### DATASET SECTION
__________

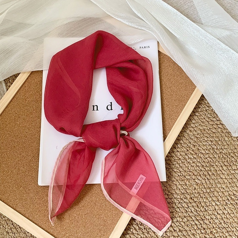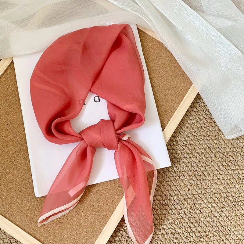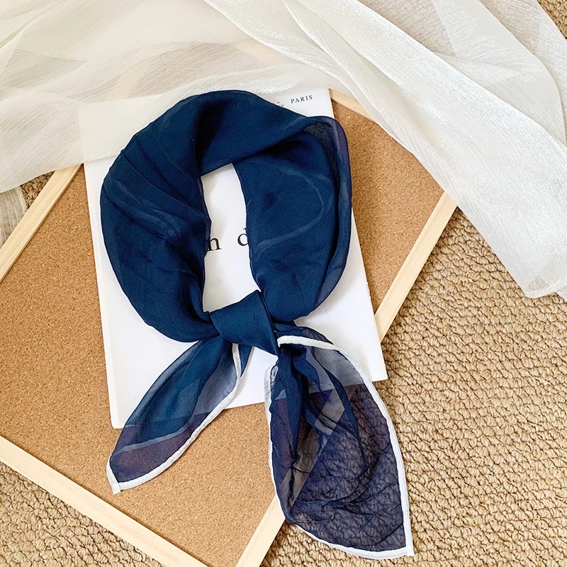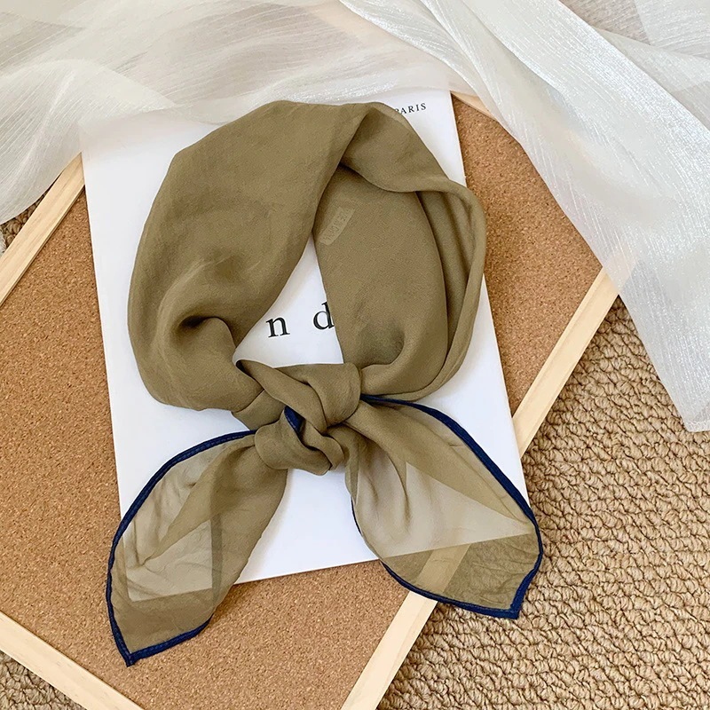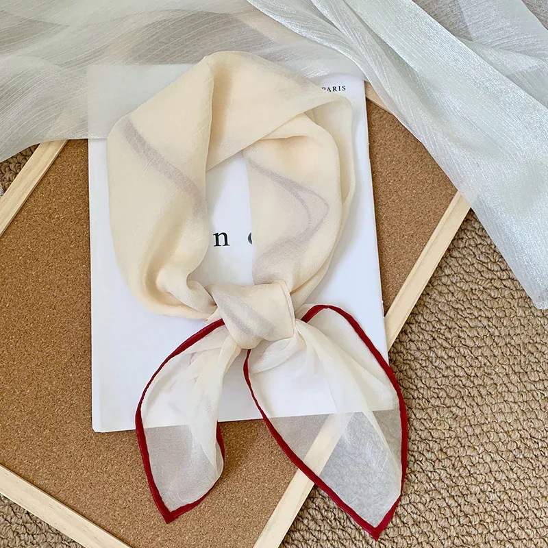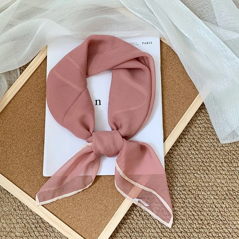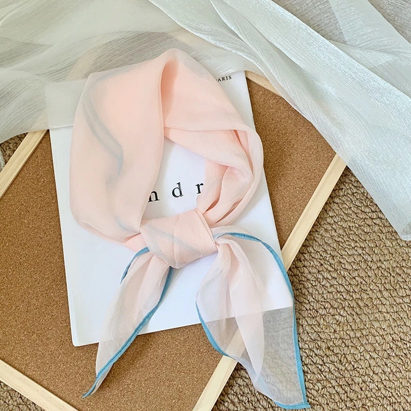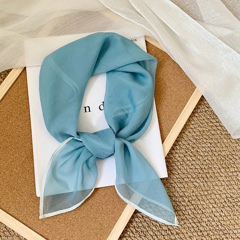 首に巻く小さな方巾清新でレトロな雲模様シルクスカーフ文芸的な首保護用スカーフ包頭巾髪帯シルクスカーフ
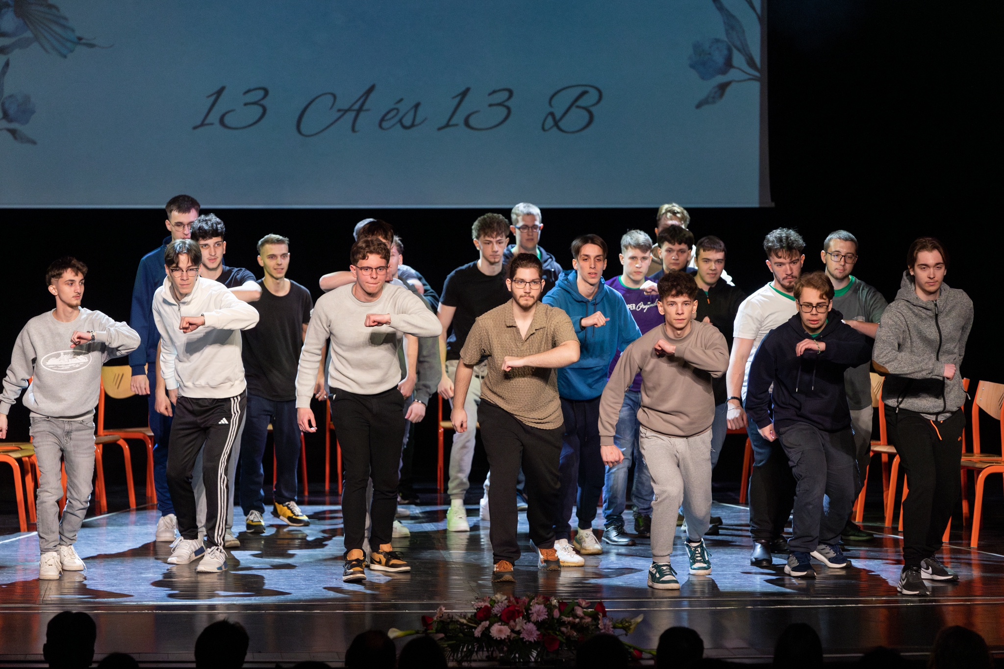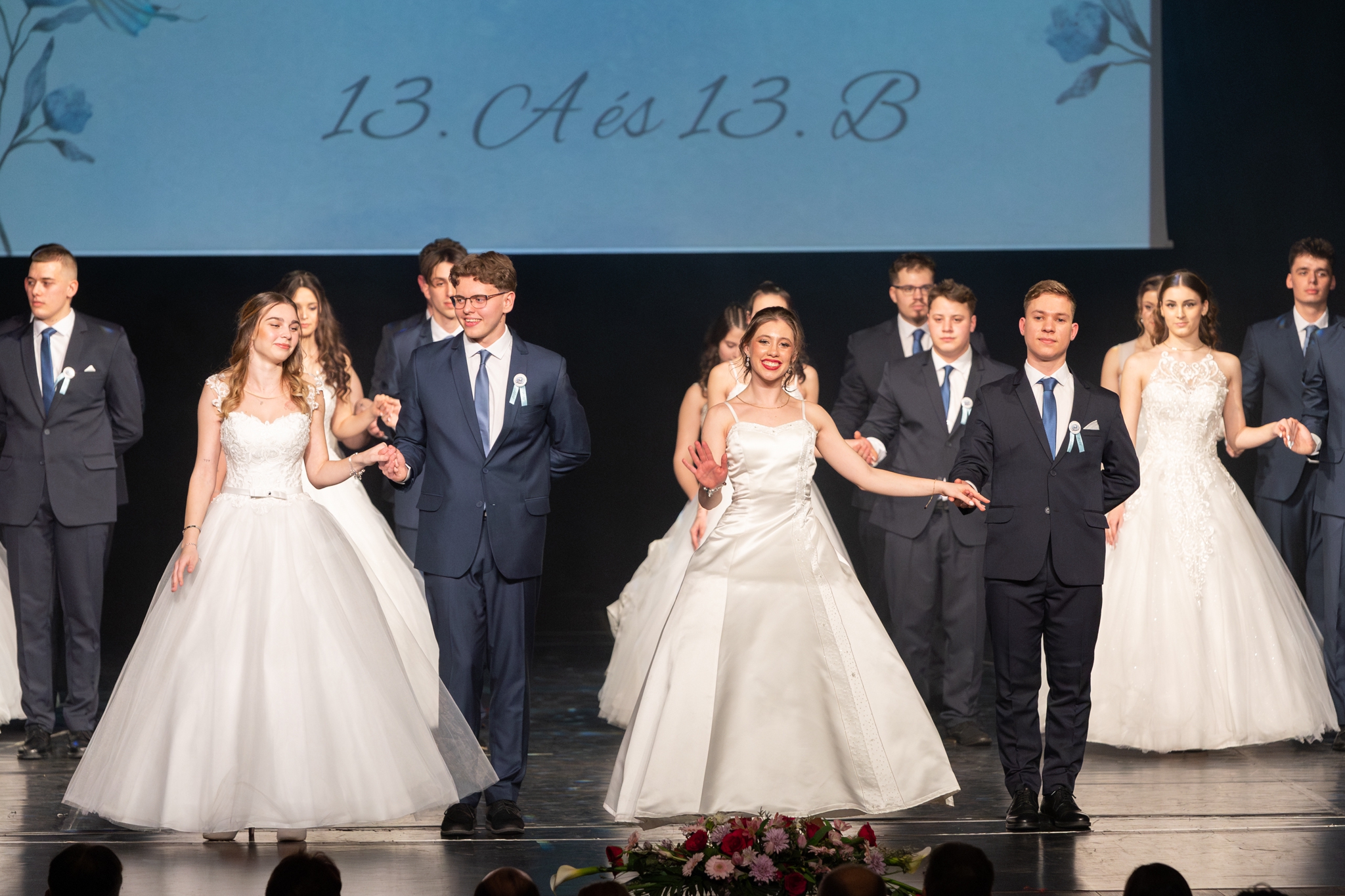 A 13. évfolyam nevében Sinka Balázs 13. B osztályos tanuló emlékezett vissza az elmúlt évek eseményeire. A diákoknak az osztályfőnökeik, Rajosné Kozma Katalin a 13. A, Szvetnyik Melinda a B osztályosoknak tűzte fel a felnőtté válást is jelképező szalagot. Már kész nőként és férfiként álltak fel a báli díszbe öltözött végzősök előbb az angol, majd zárásként a bécsi keringőhöz.
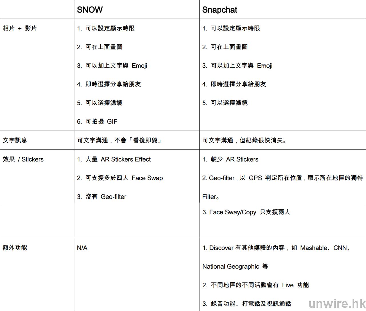 SNOW 既然跟 Snapchat 這麼相似,到底有何分別?可以參考下圖對兩者的比較。
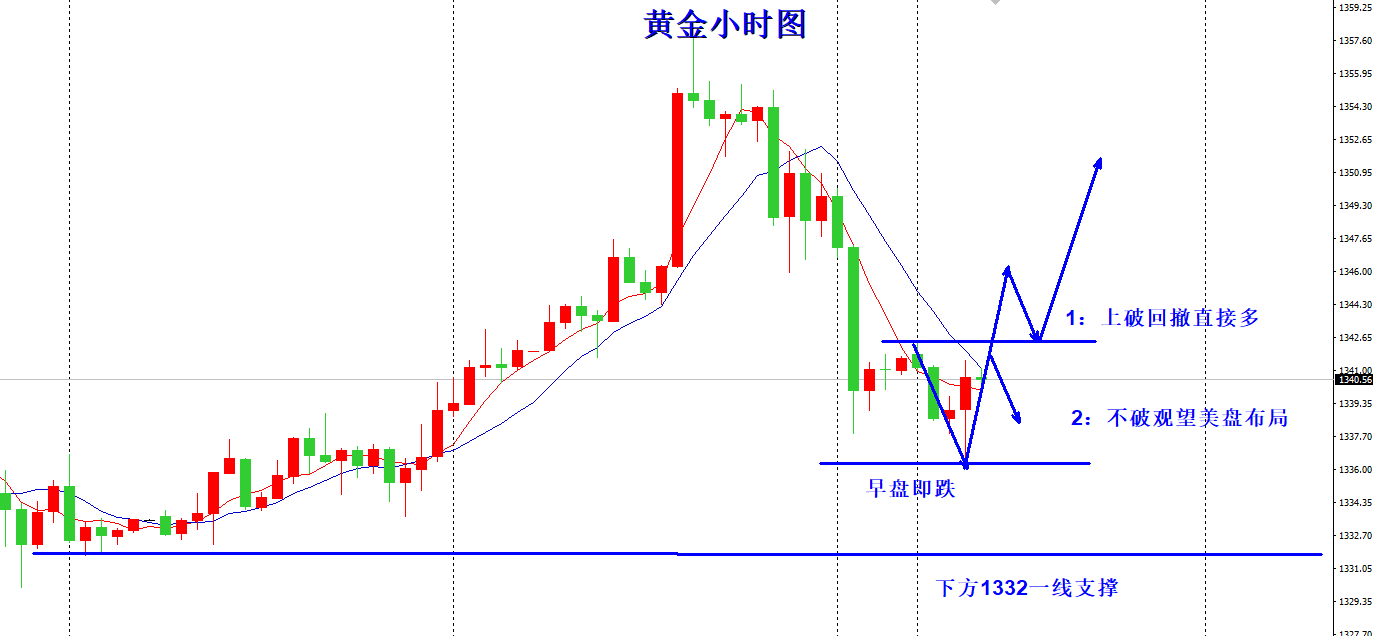 目前黄金还是需要等待,等待欧盘尾盘或者是等待欧盘时间,看看欧盘能否上破1342.5,如果上破1342.5那么可以回撤做多,行情就发展为早盘急跌不延续,欧盘反弹破位跟多,这是一个进场点位,再者就是等到美盘前回撤进场多单。如果欧盘不上破1342.5,下方也没有破位早盘的低点,那么美盘当做震荡行情处理即可。

__________

### EXERCISE DETAILS
Would you return all the data exactly as given, minus the pictures?

### THE COMPLETED TASK
 首に巻く小さな方巾清新でレトロな雲模様シルクスカーフ文芸的な首保護用スカーフ包頭巾髪帯シルクスカーフ
 A 13. évfolyam nevében Sinka Balázs 13. B osztályos tanuló emlékezett vissza az elmúlt évek eseményeire. A diákoknak az osztályfőnökeik, Rajosné Kozma Katalin a 13. A, Szvetnyik Melinda a B osztályosoknak tűzte fel a felnőtté válást is jelképező szalagot. Már kész nőként és férfiként álltak fel a báli díszbe öltözött végzősök előbb az angol, majd zárásként a bécsi keringőhöz.
 SNOW 既然跟 Snapchat 這麼相似,到底有何分別?可以參考下圖對兩者的比較。
 目前黄金还是需要等待,等待欧盘尾盘或者是等待欧盘时间,看看欧盘能否上破1342.5,如果上破1342.5那么可以回撤做多,行情就发展为早盘急跌不延续,欧盘反弹破位跟多,这是一个进场点位,再者就是等到美盘前回撤进场多单。如果欧盘不上破1342.5,下方也没有破位早盘的低点,那么美盘当做震荡行情处理即可。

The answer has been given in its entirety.